At the risk of alienating some of my readers, I’m just going to say it. What the hell is up with the drivers of black pickup trucks? Is there something inherently evil about that paint color? Last summer, I wrote an article about tailgaters. However, it seems like owners of black pickup trucks tend to take it to a whole new level. If you drive one of these vehicles, I apologize. I don’t know if I’m just getting older, but honestly, what’s the frickin’ hurry? Unless you have a hot date with a supermodel, slow the heck down and get off my butt! However, maybe that was Justin Verlander on my rear end a few years ago, just trying to get home to Kate Upton. In that case, not only should I have moved over, I should’ve also called ahead for a police escort! Bro Code.

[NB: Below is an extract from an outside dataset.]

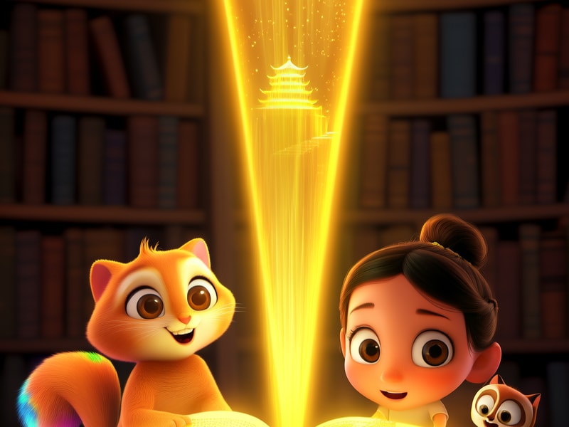 也凑过来。当书页翻开,一张古老的地图浮现出金色的光芒,上面画着一座高楼,写着:鹳雀楼。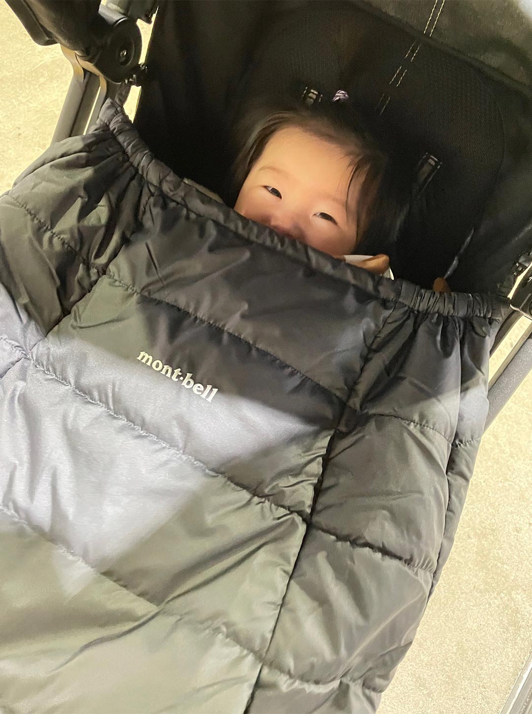 「ベビーカーに付けたり、抱っこ紐に付けたりと、寒い時期の必需品。今は自転車に乗るときの防寒アイテムとしても使っていて、赤ちゃん期からずっと愛用しています。使わないときはコンパクトに畳めるのも魅力。ポケット付きで、抱っこ紐だけで“ちょっとそこまで”のお出かけにも便利です。分厚すぎないので体温調整もしやすいのが嬉しいポイント。『モンベル』愛用歴は約10年。もともとはアウトドア用品をメインに使っていましたが、実は子育てグッズや普段使いできるアイテムも豊富で、本当に頼れるブランドです」

As I mentioned in Gotta Go Joes, I know some drivers will be unhappy with whatever speed I’m doing in the fast lane. As long as I’m in front of them, I’m an obstacle to be overcome. One day I decided to keep a mental tally of the number of times a black pickup truck rode my bumper. I’m pretty sure the final score was around 95%. If you were in the other 5%, thank you for not giving in to the Dark Side. Don’t get me wrong, there are a huge number of idiots on the road these days, and I’ll admit that sometimes I’m one of them. However, it seems like virtually all pickup truck drivers feel the need for speed. There must be some secret Pickup Drivers Training School, where your final exam is to successfully tailgate six inches behind the slowpoke in front of you, for at least five miles.
As I said, there is more than enough bad driving to go around. Just this past weekend, the Woodward Dream Cruise was in town, and I saw more reckless freeway driving than I’ve seen in years. Plus, there is a disturbing new trend on the expressway, where two muscle cars will deliberately hang back in traffic, then have a short drag race. Needless to say, this puts all of us at risk. If you think your car is so bad, take it up to a local race track and see what you’ve got. Otherwise, please leave us innocent bystanders alone. Back to pickup trucks. Although these can be some of the most aggressive drivers on the road, pickup owners are generally more likely to stop and help if you get stuck in a jam. It seems like they live for an opportunity to haul somebody’s car out of a ditch or a snowbank. Black pickup truck drivers, like Darth Vader, we know there is good in you. So, please give the rest of us pilots in the Galaxy a break. I will now get off my soapbox. Thank you.